El patrimonio no es un adorno. Es un puente entre el pasado y el futuro, entre la memoria y el aprendizaje. En Tarapacá, el patrimonio no es solo algo antiguo que admiramos. Es una fuente viva desde la cual podemos enseñar historia, lenguaje, ciencias, matemáticas, arte y ciudadanía.
Humberstone y Santa Laura no son ruinas del salitre, son relatos abiertos: trabajo, migración, desigualdad, organización social. Enseñar allí es invitar a pensar críticamente, a valorar lo conquistado por quienes vivieron en lo extremo ¿Cómo no hacer historia desde ahí? Miremos al altiplano. En Cariquima, Isluga o Colchane, la cultura aymara sigue latiendo. Su lengua, su cosmovisión, su vínculo con la tierra son patrimonio inmaterial. Desde ahí podemos hablar de ciencias, medioambiente, espiritualidad, interculturalidad. Incluso, de matemáticas con lógica ancestral ¿Y si una clase de geometría comenzara con una apacheta o los geoglifos de Pintados? La Tirana, la cueca nortina, los bailes religiosos: no son solo fiestas. Son escenarios vivos para enseñar música, lenguaje, religiosidad, arte y cuerpo. Pero, también nos recuerdan que venimos de un tejido común, donde lo espiritual y lo cotidiano se abrazan.
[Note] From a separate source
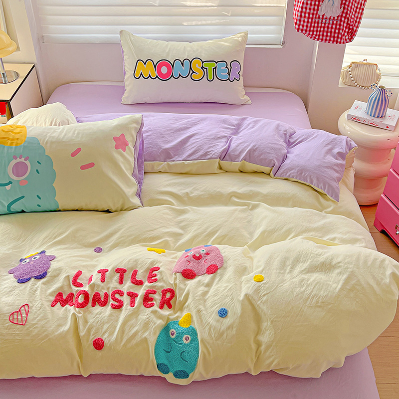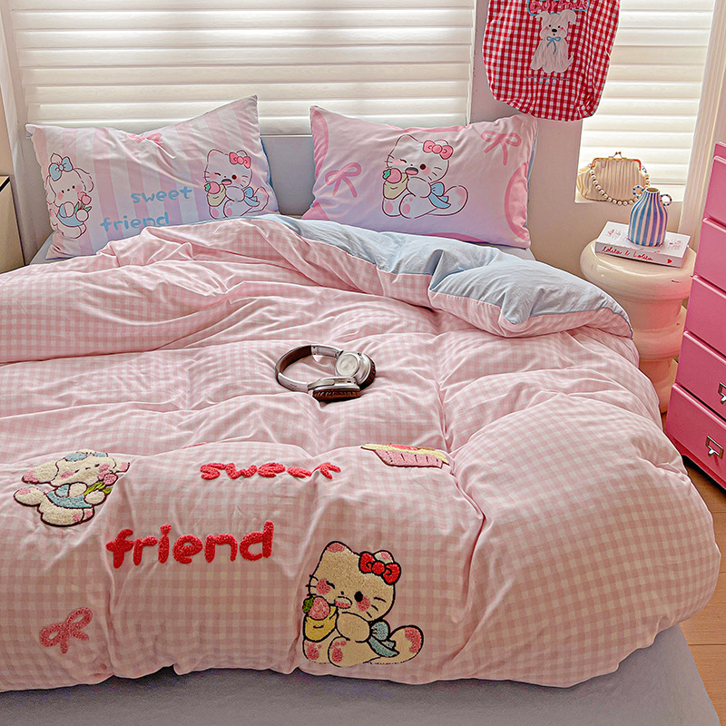 2025 新しい新学期シーズンホットセールパッチ刺繍漫画スーパーソフトクラウドソフトコットン漫画シリーズ 4 点セット 1.5 ベッドシーツ

Hoy, hablar de educación es hablar de tecnología, metodologías e inteligencia artificial. Pero, a veces olvidamos algo más cercano, poderoso y real: el patrimonio, ese que nos habla con voz propia desde nuestra tierra.
No se trata de enseñar sobre el patrimonio, sino de enseñar desde el patrimonio. Porque cuando el aprendizaje nace del territorio, de lo que tocamos, sentimos y celebramos como propio, se vuelve real, significativo y profundo.Educar en el siglo XXI con raíces en el XIX no es retroceder: es afirmarse para avanzar. Y en Tarapacá, hay un suelo fértil, lleno de memoria, para sembrar futuro.